Nephrotoxicity is an inherent adverse effect of certain anticancer drugs. Mechanisms of chemotherapy-induced renal dysfunction generally include damage to vascular or structures of the kidneys, hemolytic uremic syndrome and prerenal perfusion deficits. Patients with cancer are frequently at risk of renal impairment secondary to disease-related and iatrogenic causes. This article reviews the prevention and management of anticancer drug-induced renal dysfunction. Cisplatin and carboplatin cause dose-related renal dysfunction. In addition to elevation of serum creatinine levels and uremia, electrolyte abnormalities, such as hypomagnesemia and hypokalemia, are well known adverse effects of cisplatin. Methotrexate can cause elevation of serum creatinine levels, uremia and hematuria. Acute renal failure is reported after high dose methotrexate therapy. Urinary alkalization and hydration confer protection against methotrexate-induced renal dysfunction. Dose- and age-related proximal tubular damage is an adverse effect of ifosfamide. In addition to renal wasting of electrolytes, glucose and amino acids, Fanconi syndrome and rickets after ifosfamide administration have been reported in the literature.
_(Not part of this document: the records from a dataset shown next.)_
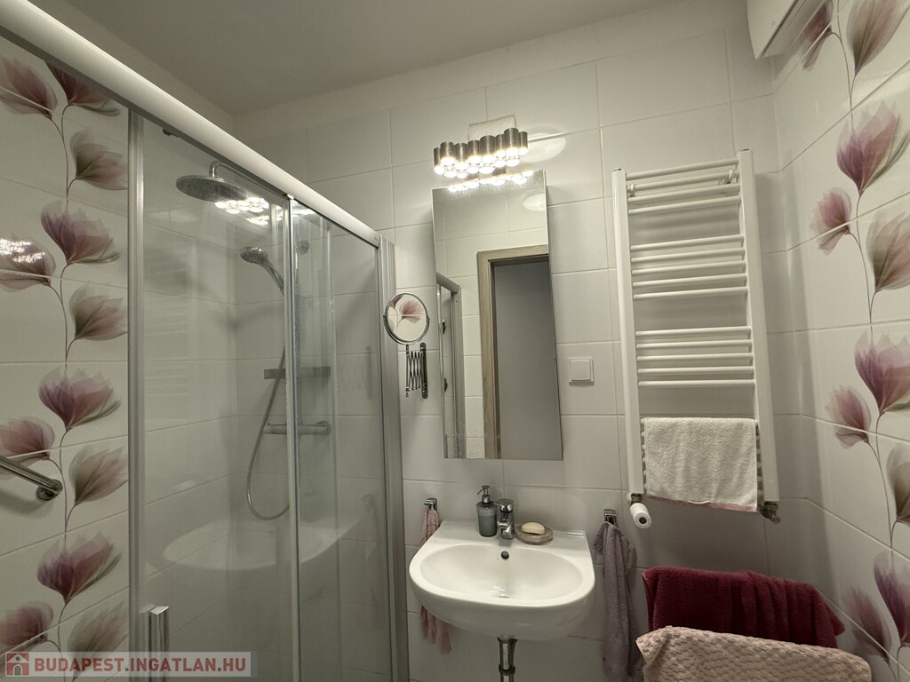 a lakás DUPLAKOMFORTOS 2-fürdőszobás, házközponti fűtéses, klímás, belső kertre és utcára néző,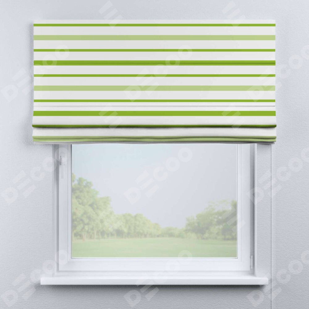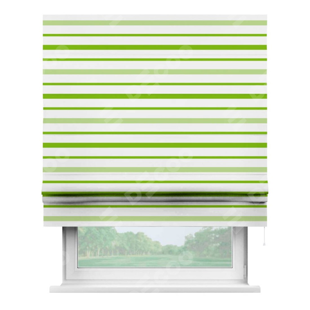 Римская штора «Кортин» для проема «Зелёные горизонтальные полоски» предоставлена в следующих характеристиках: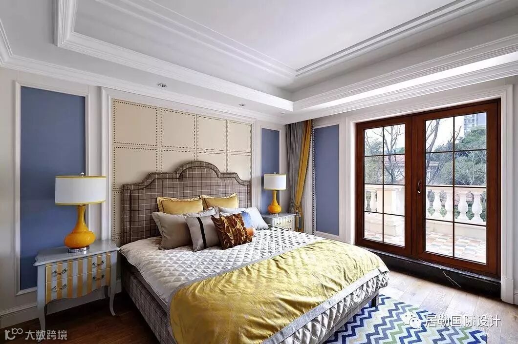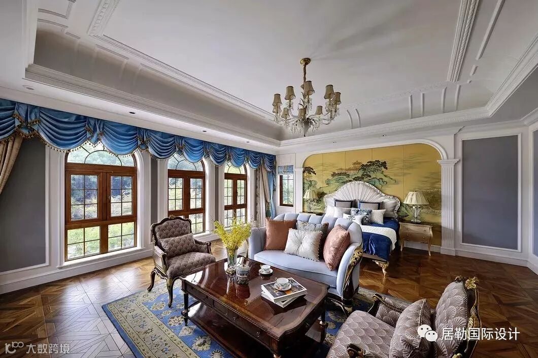 卧室整体色调以蓝为主,带有装饰的背景墙及法式风格的布料、家具、花纹的点缀,加强了整个空间的层次感。

Hemolytic uremia is a rare but serious adverse effect of gemcitabine.

摘要

肾毒性是某些抗癌药物固有的不良反应。化疗引起的肾功能障碍机制通常包括对肾脏血管或结构的损害、溶血性尿毒症综合征和肾前灌注不足。癌症患者经常因疾病相关和医源性原因而面临肾功能损害的风险。本文综述了抗癌药物引起的肾功能障碍的预防和管理。顺铂和卡铂会导致剂量相关的肾功能障碍。除了血清肌酐水平升高和尿毒症外,电解质异常,如低镁血症和低钾血症,是顺铂众所周知的不良反应。甲氨蝶呤可导致血清肌酐水平升高、尿毒症和血尿。高剂量甲氨蝶呤治疗后有急性肾衰竭的报道。尿液碱化和水化可预防甲氨蝶呤引起的肾功能障碍。异环磷酰胺的不良反应是与剂量和年龄相关的近端肾小管损伤。除了肾脏对电解质、葡萄糖和氨基酸的排泄增加外,文献中还报道了异环磷酰胺给药后出现范科尼综合征和佝偻病。溶血性尿毒症是吉西他滨一种罕见但严重的不良反应。